Work request → Output the first line below and each one after it, exactly, up to and including the line holding "У себя в телеграмм-канале". Pictures should not be copied.

··· Records for the exercise

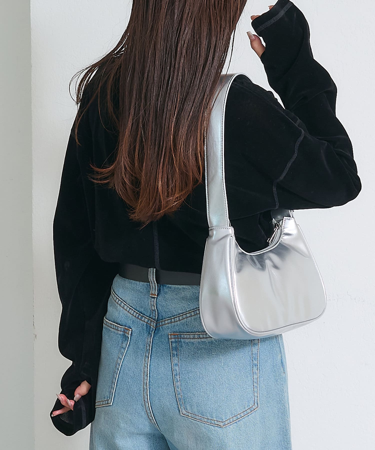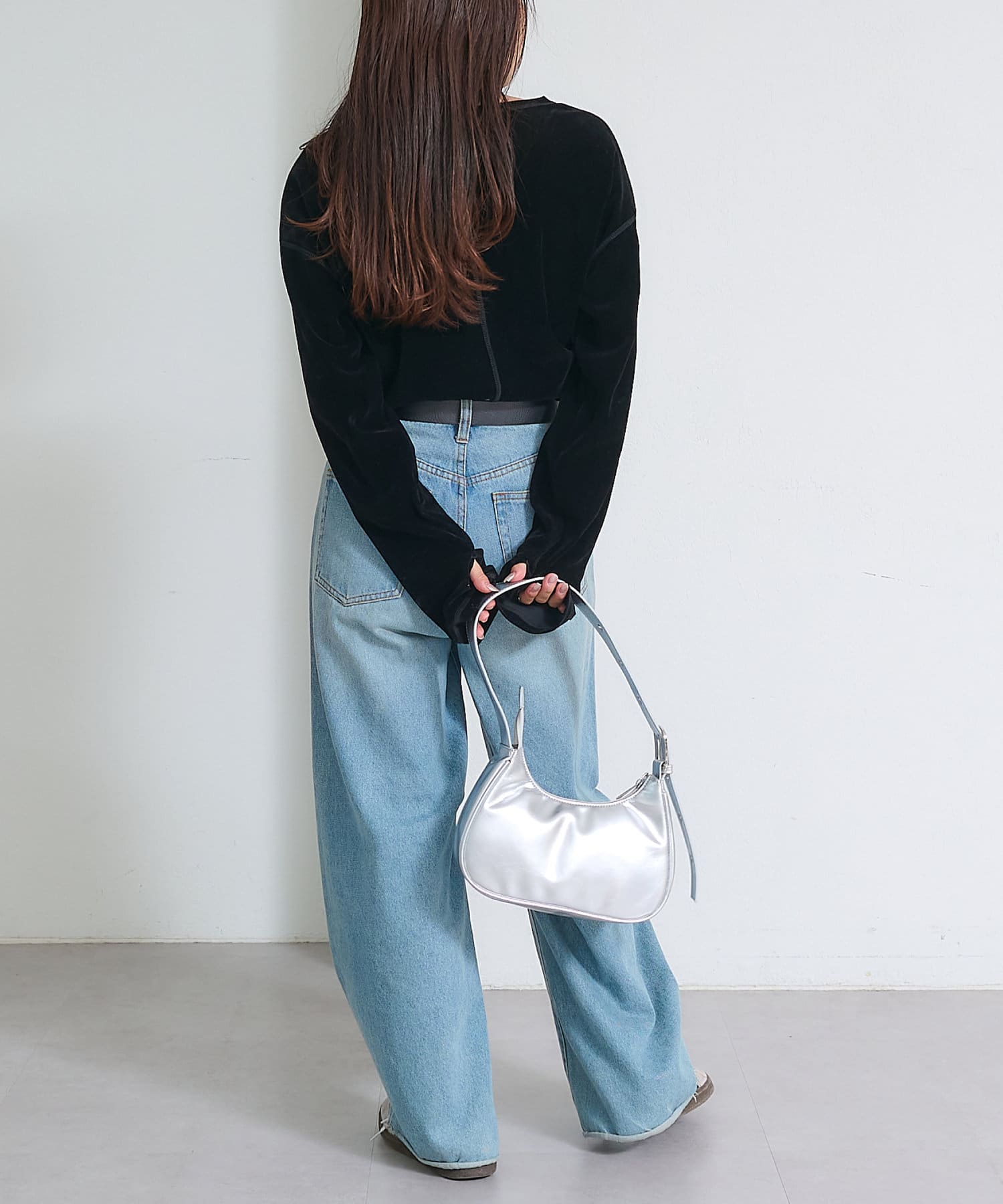 袖口には指穴に通して袖をクシュっとさせるのも◎
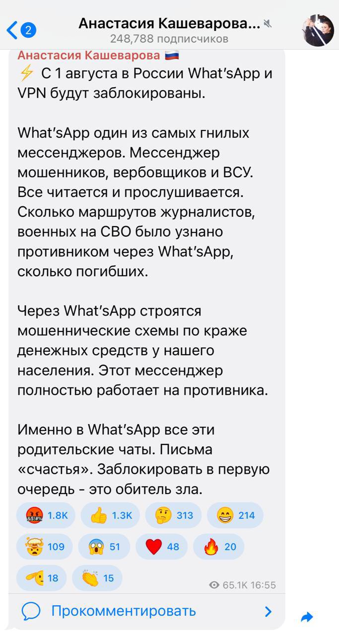 У себя в телеграмм-канале Кашеварова написала, что «What’sApp - один из самых гнилых мессенджеров. Мессенджер мошенников, вербовщиков и ВСУ. Все читается и прослушивается. Сколько маршрутов журналистов, военных на СВО было узнано противником через What’sApp, сколько погибших… Этот мессенджер полностью работает на противника».
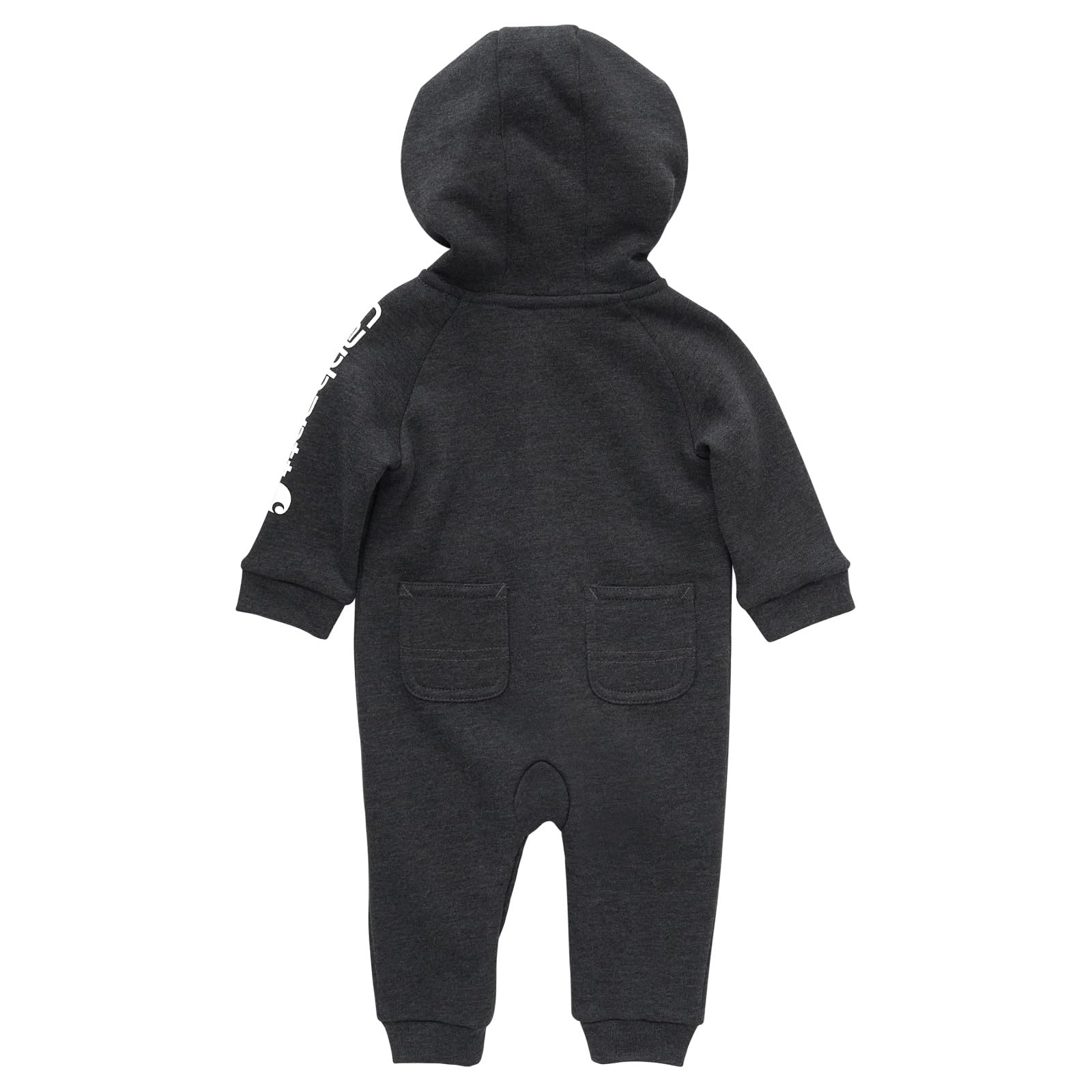 Description Keep your baby boy all bundled up and warm in this long-sleeve hooded fleece coverall from Carhartt. Made from soft yet durable fleece, it has an easy on/off zipper and cuffs that fit snugly around little wrists and ankles to keep chilly air from getting in.
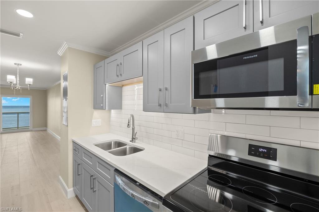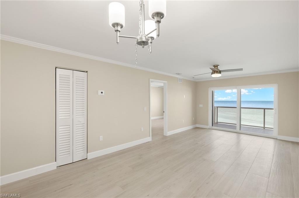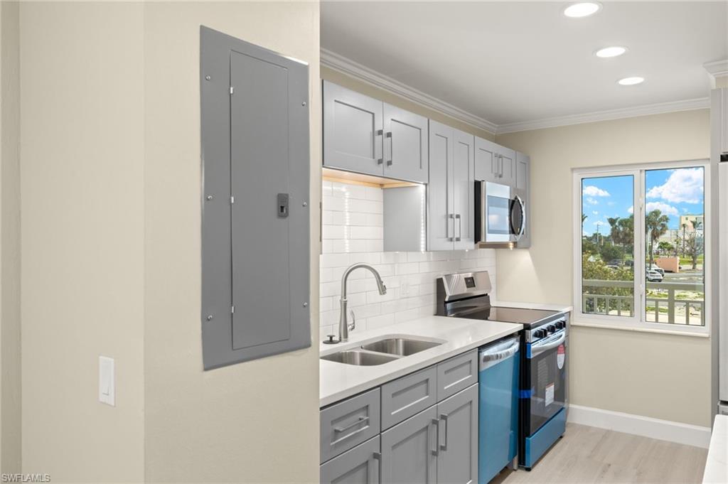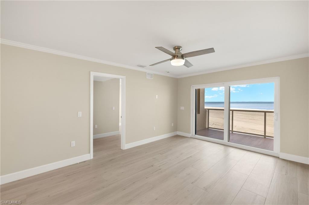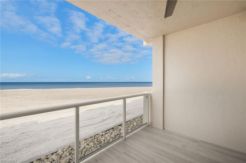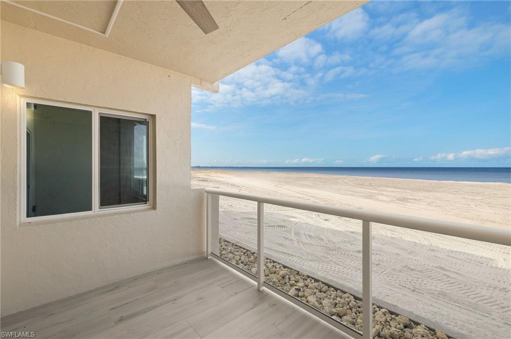 DIRECT GULF FRONT CONDO WITH SPECTACULAR GULF VIEWS FROM THE SECOND FLOOR. STEPS FROM THE WHITE SANDS AND GULF WATERS OF FT MYERS BEACH. This unit is direct gulf front. Not a side view. There will be a all new sandy beach in just weeks out front. 1 bedroom condo rarely comes on the market in this building. Everything is brand new and never used. Amazing views from your open air balcony with modern railing and tile floor. Perfect for watching sunsets. All other windows are newer hurricane-rated impact windows. This condo has been updated NEW. Breakfast bar opens to dining/living area. Spacious master bedroom overlooks the gulf. After a day at the beach, cool off in the resort sized pool overlooking the beach. Assigned parking.
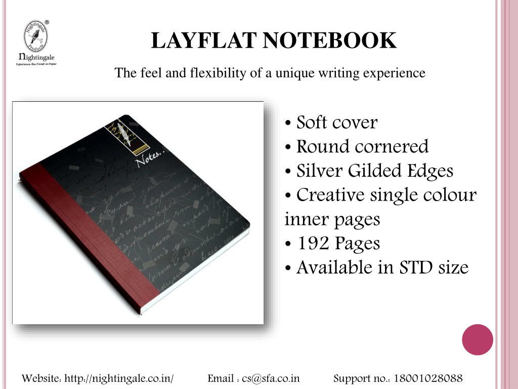 LAYFLAT NOTEBOOK The feel and flexibility of a unique writing experience • Soft cover • Round cornered • Silver Gilded Edges • Creative single colour inner pages • 192 Pages • Available in STD size Website: http://nightingale.co.in/ Email : cs@sfa.co.in Support no.: 18001028088
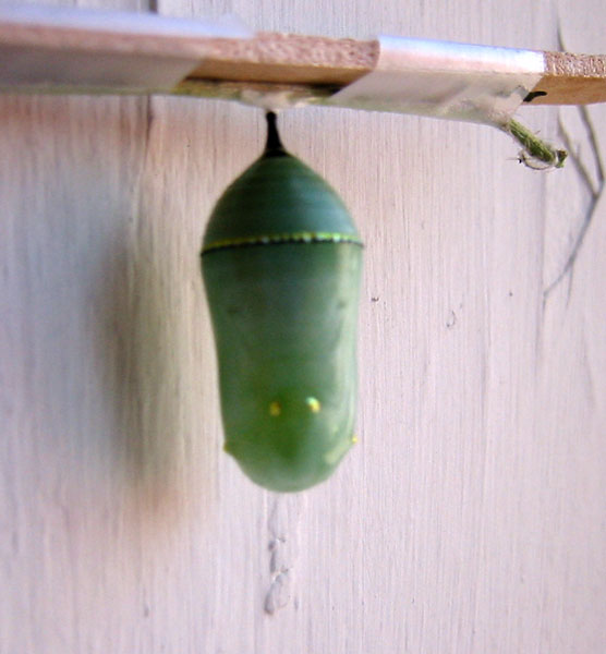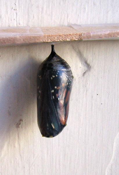 August 19, 2004, 9:09 am - the chrysalis was dark when I got up in the morning with the butterfly's wings visible inside. |
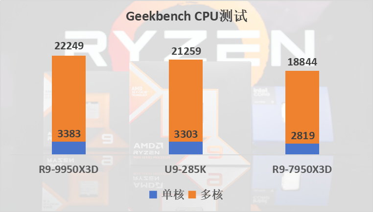 先來看Geekbench的CPU測試,AMD銳龍9 9950X3D處理器不僅在單核性能上領先了285K 2%,更是在多核性能上領先了大約4%,實現了對競品最強生產力的強勢打擊。而對比上一代銳龍9 7950X3D更是有着20%的領先幅度。
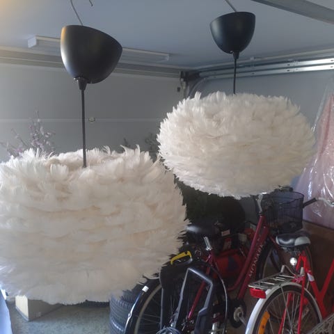 Säljer en av mina fina Eos lampskärmar med handgjord design med mjuka fjädrar för att skapa en harmonisk atmosfär i rummet.

······

Task answer →
 袖口には指穴に通して袖をクシュっとさせるのも◎
 У себя в телеграмм-канале Кашеварова написала, что «What’sApp - один из самых гнилых мессенджеров. Мессенджер мошенников, вербовщиков и ВСУ. Все читается и прослушивается. Сколько маршрутов журналистов, военных на СВО было узнано противником через What’sApp, сколько погибших… Этот мессенджер полностью работает на противника».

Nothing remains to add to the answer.